The Kiyan Prince Foundation hopes to raise awareness about the dangers of knife crime through early intervention and workshops in schools
On 18 May 2006, 15-year-old Kiyan Prince was fatally stabbed outside the gates of his school in Edgware as he tried to help a friend who was being bullied.
Ten years later, Kiyan’s father, Mark Prince, is encouraging schools to make use of all the tools at their disposal to take action against knife crime, including a series of youth development programmes that are accessible through an online support service called Edukit.
“A decade on from my son’s tragic passing, knife and violent crime remains at alarmingly high levels,” Mr Prince said. “I am very disturbed that the government isn’t taking this issue more seriously. I wonder what would happen if it was politicians’ children who were dying?

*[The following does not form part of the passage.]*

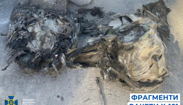 "Зокрема, на місці трагедії знайдено уламок двигуна крилатої ракети Х-101. Окрім того, слідчі СБУ виявили: уламок механізму розкриття крил ракети Х-101; уламок блоку постановки завад ракети Х-101; середню частину корпусу крилатої ракети Х-101 (на фото під завалами); обтікач хвостового відсіку та уламок гідроблока крилатої ракети Х-101; уламки кожуха двигуна крилатої ракети Х-101 із відображенням інвентарного (внутрішня сторона) та серійного номерів (зовнішня сторона), фото яких ми офіційно публікували вчора", – йдеться у повідомленні.

We want to be part of an initiative that will help by giving young people invaluable support they can easily access.”
Following Kiyan’s death, Mr Prince, who is a professional boxer, founded the Kiyan Prince Foundation to help educate young people about the consequences of knife crime in the hope of saving lives.
‘Feelings of self-worth’
Today, Mr Prince is still running workshops in schools and working with young people to instil a sense of self-worth and belonging outside of gang culture and negative behaviour.

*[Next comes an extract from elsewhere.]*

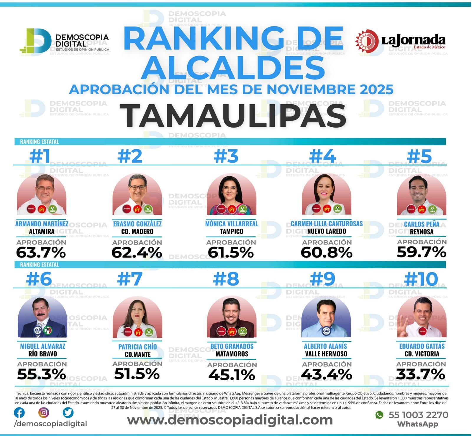 Según el Ranking de Alcaldes – Aprobación Noviembre 2025, el mandatario altamirense lidera la lista estatal con un 63.7% de aprobación, colocándose en el primer lugar. En la segunda posición aparece el alcalde de Ciudad Madero, Erasmo González Robledo, con 62.4%, mientras que en el tercer sitio se ubica la presidenta municipal de Tampico, Mónica Villarreal Anaya, con 61.5%.

The links between gang culture and knife crime are highlighted in a recent report by Catch22, an organisation that works with troubled and vulnerable young people. Speaking to TES in the 6 May edition, Dr Keir Irwin-Rogers, the author of the report, said there was nothing inevitable about gang culture entering a school.
“Teachers can’t solve the problem of gangs in the community, but what they can do is take steps to keep the culture out of their classroom,” he said.
One of his recommendations for schools is to pilot early intervention programmes centred around building character and resilience.